The worst of it was that they taught that people of African descent bore the mark of Cain and were uniquely cursed among all the people of the earth. Africans had been cursed due to their worship of demonic spirits, their abhorant tribal practices and the division of tribalism which lead to violence and dehumanization of other Africans. Evidence of the unique depravity of African people was their willingness to sell each other into slavery. (Just so we’re crystal clear – this isn’t what I think. This was the teaching of this couple, who were themselves African American.)
Not quite as bad, but still erroneous was their teaching that in order to overcome the curse put on them by God, people of African descent needed to walk the same path by which God redeemed Israel. Emancipation from slavery was their escape from Egypt. Next they must receive and keep the law which would lead to them being grafted onto the house of Israel so they could inheret the work of Jesus. Essentially they lived and practiced their faith much like Messianic Jews.
The “best” part of their theology was rejecting all patterns of thought which were part of the mentality of those who were cursed. They identified the mentality which kept them tied to the curse mainly with tribalism which among African Americans was typified by gangs (ie quick to anger and be offended, us vs them outlook, a willingness to resort to violence, rituals by which members gained access to the group, a will to power). They also rejected the sort of legalism which took away their God-given right to do things like drink wine, play cards, dance, go to the movies, etc. Instead, they encouraged, kindness, humility, tolerance, ready forgivess, patience and other Christian virtues. And they threw in some prosperity gospel style “believe and think right, reap the benefits” thinking for good measure.
All in all, I think I can safely say they had some bad theology going. If I had met them a few years earlier, I probably would have been so repulsed by it that it would have kept me from enjoying their company, much less engaging in scripture study with them. I probably would have tried to argue with them; convince them to see the error of their ways. I would have been angry that there were people spreading the sort of theology which defames God like that. Instead, I went to their church picnic, drank wine and covered my head with a scarf to pray with them.
Now, you may not ever have the chance to meet Christians with such wild theology, but odds are good that there are theological beliefs which drive you to the point of wanting to commit violence. It could be neo-reformed theology, partriarchal teachings, pro or anti-gay marriage theology, legalism, liberalism, or some other ism that drives you nuts. We Christians have a very bad track record of being able to tolerate differences in theological opinion. Yet unity among believers is a common teaching of the New Testament. It was one of the things which Jesus prayed for us, in fact.

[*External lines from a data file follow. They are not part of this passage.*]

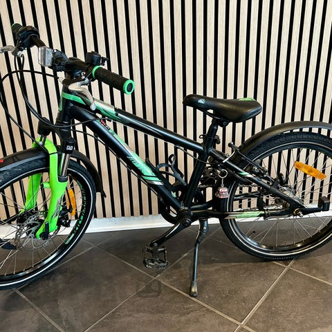 Junior mountainbike med 20" hjul, 6 gear revoshift fra Shimano, skivebremse på forhjulet og fælgbremse bagpå.
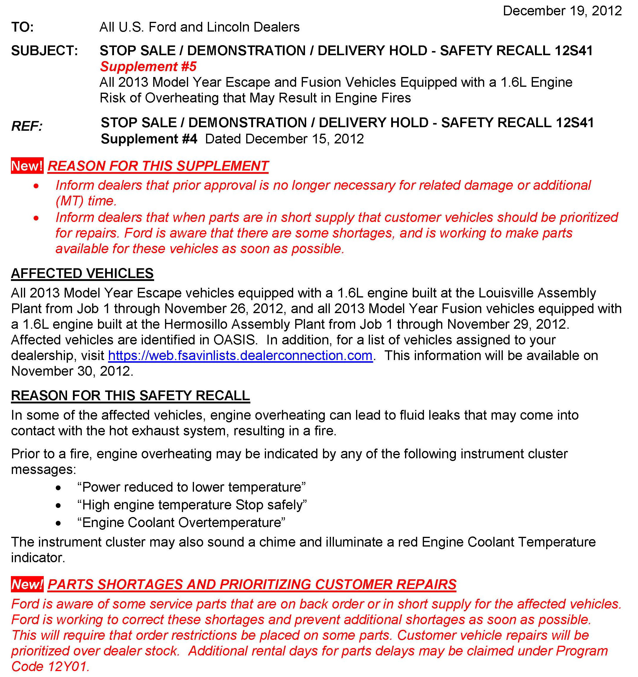 Recall - Engine Overheating, Potential Engine Compartment Fires
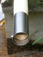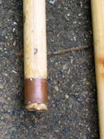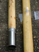 At the business end you need something to keep the wood from splitting or fraying. Most folks use a piece of copper pipe. You can pin it in place with a nail, but you don’t actually need to because once the end starts fraying, the pipe will be locked more or less in place. In a pinch, I’m pretty sure you could wrap the end tightly with wire using a Clamp-Tite tool, which would obviate the need to file the end to fit your pipe. Just don’t get carried away and use a big chunk of steel pipe or you’ll make your pole tip-heavy and unwieldy. You might even sink the pole.
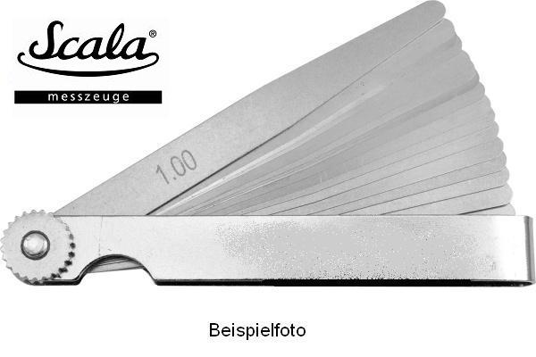Mitutoyo hézagmérő készlet 20 levélből áll, amelyeken a méretek egyértelműen vannak jelölve. A levelek levehetők a tartóról. Edzett szerszámacélból készül.
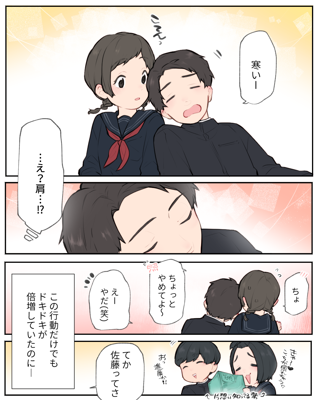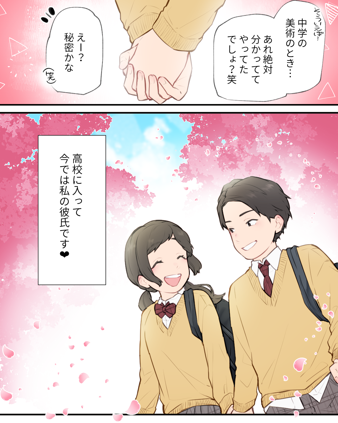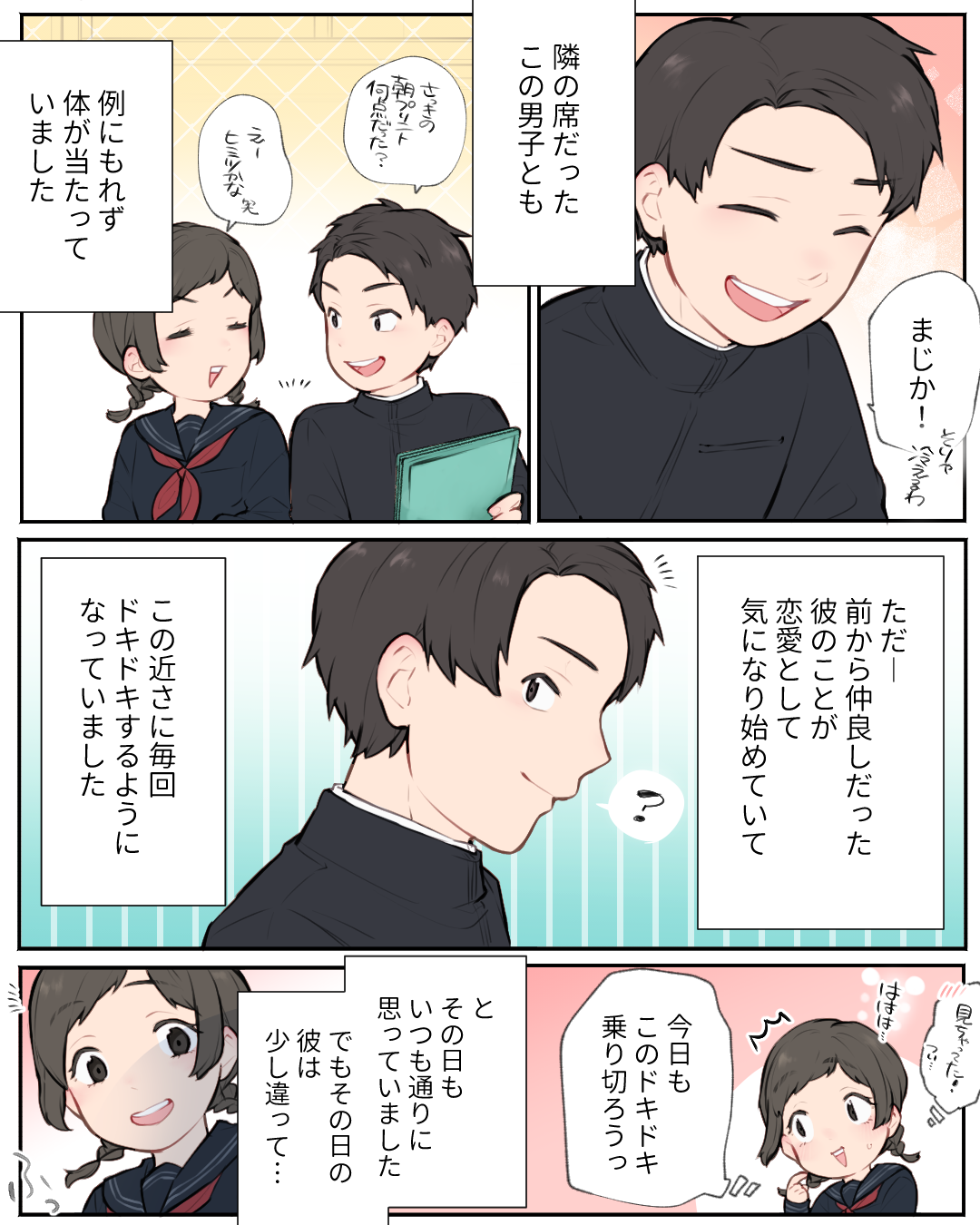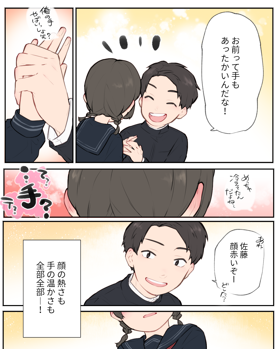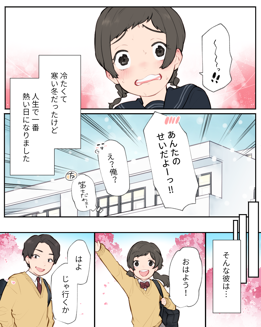 寒い冬も君がいれば【Lovely漫画】 オリジナル漫画 2024年9月10日 倖さんの作品をもっと読む! 倖さんの作品一覧【Lovely漫画】 倖さんの人気作をおまとめしています! こちらのLovely漫画もおすすめ! 身長よりも大きな気持ち【Lovely漫画】 身長は低いけどムードメーカーな後輩くん。あるきっかけで距離が近づき…©こがらしほゆき/エピソード:あおい 幸せを願って【Lovely漫画】 短大一年の夏、事務の神谷さんに一目惚れした私。がんばったものの、恋愛関係には進展しないまま卒業しました。数年後、短大を訪れた私は神谷さんと再会し…。©倖/エピソード:匿名 お節介なうざい奴【Lovely漫画】 中学生の時、喧嘩ばかりだったクラスメイト。10年ぶりの再会で気づけば二人で会うように…©どんぐり/エピソード:ななせ アプリから始まった恋愛【Lovely漫画】 アプリで出会った年下の彼と、初デートで初対面とは思えない程仲良くなり、徐々に惹かれていく私。けれど過去に恋愛の苦い思い出があり…?©倖/エピソード:あきら ライター Lovely編集部 編集部レポや最新情報など皆さんの「知りたい」をお届け!よろしくお願いします♡ 目次Related article / 関連記事 オリジナル漫画 メンヘラ彼氏にサヨナラ【Lovely漫画】 ©みんみ 2022年3月29日 オリジナル漫画 年下イケメン彼氏に翻弄されるオンナの毎日#3【Lovely漫画】 ©みんみ 2022年3月29日 オリジナル漫画 2人暮らしのゆる家事日記~気まぐれ旦那の献立作りの巻き~後編【Lovely漫画】 ©みんみ 2022年3月29日 オリジナル漫画 年下イケメン彼氏に翻弄されるオンナの毎日#1【Lovely漫画】 ©みんみ「初めての○○の話 前編」 2022年3月29日 オリジナル漫画 年下イケメン彼氏に翻弄されるオンナの毎日#2【Lovely漫画】 ©みんみ「初めての○○の話 後編」 2022年3月29日 オリジナル漫画 よかったらシェアしてね! URLをコピーしました! URLをコピーしました! 初めて両思いで付き合った話【Lovely漫画】 中学生女子がモテる女子になるには?モテる方法教えちゃいます!

What I have come to understand is that since our ability to grasp truth fully is limited, God’s concern is less that we believe the right things and more that what we believe is drawing us closer to him. And the truth is that we hold so many theologies not simply because we’re evil or unthinking sheep or don’t care about truth. Rather, we hold so many different theologies because there are so many different ways of being wounded, confused and needy. Different theologies can meet different needs.

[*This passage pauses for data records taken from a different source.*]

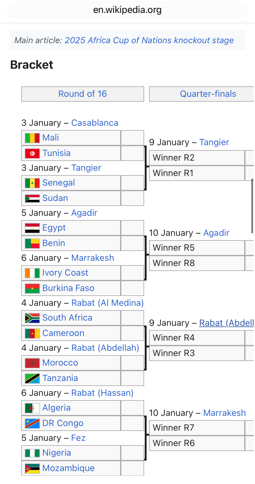 ฟุตบอลแอฟริกันเนชั่นคัพ เดินทางมาถึงรอบ16ทีมแล้ว โดยมีเส้นทางสายการแข่งขันเป็นดังนี้ โดยมีโปรแกรมการแข่งขันรอบ16ทีม คืนวันที่ 27 มกราคม 00:00 แองโกลา - นามิเบีย 03:00 ไนจีเรีย - แคเมอรูน คืนวันที่ 28
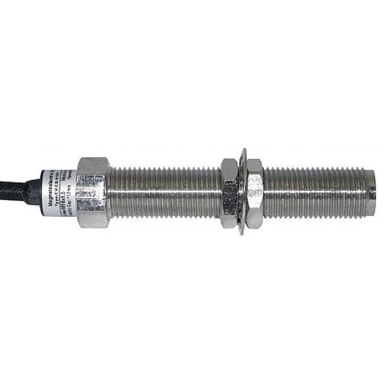 Магнитно-электрический датчик тахометра, "Мореман" трехпроводной, 68x40 мм (общая длина x длина резьбовой части), резьба M18x1,5 мм (10252274). Магнито-электрические датчики для тахометров. Снимают показания с зубчатого венца маховика двигателя. Трехпроводной датчик (с подачей питания) обеспечивает более точные показания, в особенности на низких скоростях вращения. Крепление — резьба.
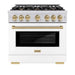 ZLINE 36"" Select Dual Fuel Range Gas Cooktop Electric Convection Oven Stainless Steel White Matte Doors Champagne Bronze HDRZ-WM-36-CB
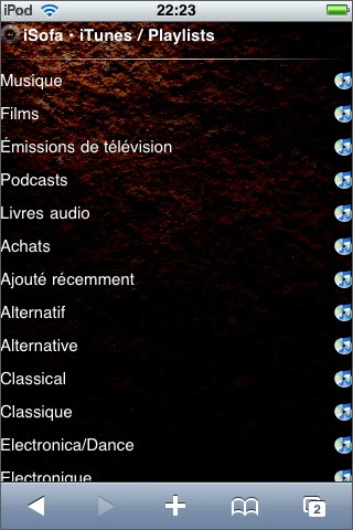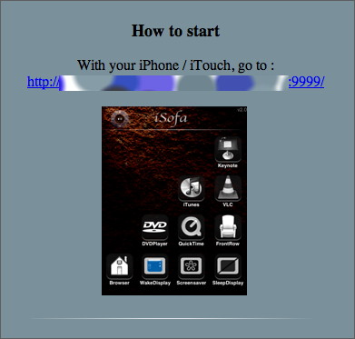 2. Après installation de iSofa sur le Mac, on entre sous Safari, sur le iPhone/iPod Touch, l’adresse IP du Mac (adresse fournie sur la page d’administration de iSofa), suivie de :9999/ et l’on établit la connexion désirée. On obtient l’écran ci-contre.

That couple I met with their terrible theology? They and the members of their church came from violent, gang infested neighborhoods where the disciplines of the middle class didn’t exist. They had inherited a history of unspeakable cruelty and oppression towards their people. And their theology, mistaken as it was in many ways, was helping them make sense of and overcome all of that. The narrative of God’s curse on Africans helped them understand their history and find a way beyond it. The discipline of keeping the law helped them learn the sort of disciplines which middle class people often take for granted – planning, budgeting, keeping a schedule. Framing the dysfunction around them as tribal remnants or oppressive, slave mentality made it easier for them to recognize and reject the water of dysfunction they were swimming in. It was terrible theology, but it served a real purpose for these particular people in this particular time.

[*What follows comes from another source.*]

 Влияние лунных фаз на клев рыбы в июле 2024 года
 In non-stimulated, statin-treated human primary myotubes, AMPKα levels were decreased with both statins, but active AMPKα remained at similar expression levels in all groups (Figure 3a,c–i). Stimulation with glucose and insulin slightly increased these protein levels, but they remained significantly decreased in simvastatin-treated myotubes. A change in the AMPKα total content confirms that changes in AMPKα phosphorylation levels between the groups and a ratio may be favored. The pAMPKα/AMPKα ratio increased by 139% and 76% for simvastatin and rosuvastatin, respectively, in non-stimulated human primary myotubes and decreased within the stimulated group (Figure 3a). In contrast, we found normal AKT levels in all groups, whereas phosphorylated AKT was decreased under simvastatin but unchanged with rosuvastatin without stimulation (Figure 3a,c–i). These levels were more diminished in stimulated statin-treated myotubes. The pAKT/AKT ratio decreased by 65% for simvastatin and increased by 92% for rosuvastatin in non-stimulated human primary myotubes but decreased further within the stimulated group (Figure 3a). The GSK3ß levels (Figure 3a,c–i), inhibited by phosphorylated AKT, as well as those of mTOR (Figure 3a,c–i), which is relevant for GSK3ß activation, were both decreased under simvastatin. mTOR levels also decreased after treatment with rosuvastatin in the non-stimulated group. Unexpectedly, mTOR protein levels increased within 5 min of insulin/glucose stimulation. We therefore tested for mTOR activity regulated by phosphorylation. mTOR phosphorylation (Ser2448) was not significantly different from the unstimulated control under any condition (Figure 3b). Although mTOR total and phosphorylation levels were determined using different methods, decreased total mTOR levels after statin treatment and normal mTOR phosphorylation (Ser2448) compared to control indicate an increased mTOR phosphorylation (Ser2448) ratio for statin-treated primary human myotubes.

Again, their’s is a rather extreme example. But the truth is that those theologies which make you want to wretch may well be just what someone else needs. And it could well be that the theology which brings you life would do nothing for them. We all need different things on our way to a greater truth.
Of course, bad theology isn’t always so benign for those who hold it. It can, in fact, destroy people. It can engender abuse. It can make people’s hearts hard or shatter them. It’s not always without consequence. And it’s for this reason that a lot of people expend a lot of time and emotional energy speaking against bad theology. Which to a certain extent is fine. I guess. But more and more I wonder if this urge to argue and divide doesn’t really stem from our own immaturity and lack of faith.
First of all, God doesn’t need us to defend him. As Crystal St. Marie Lewis says, “When a god begins to require the custodial protection of those who worship him, he is no longer a god. He becomes an idol.” Without realizing it, many of us think that God can not handle those who defame him without our assistance. That if we don’t step in to mount a good defense, bad theology will win and God will lose. The truth is that God will make himself known in his own way and his own time with or without our assistance.
The second issue is that we have actually underestimated the scope of the problem; there’s a lot of evil theology out there. Much more than you think, in fact. Any theology which isn’t completely true is evil. God is light and in him there is no darkness. If it’s not God, it’s dark and evil. So there’s evil in your theology and in mine. But, whether it’s evil in our theology or in the theology of others, the answer isn’t to search it out, cast it out and rise up against it. Rather it’s to allow God to do that work. The bible says, “what the enemy meant for evil, God uses for good.”
Our part isn’t to fight, but to obey. Jesus said not to resist the evil man. Paul instructs us to keep our eyes on what is good, true, pure, praiseworthy. Evil is overcome by goodness. Do good to those who oppose you.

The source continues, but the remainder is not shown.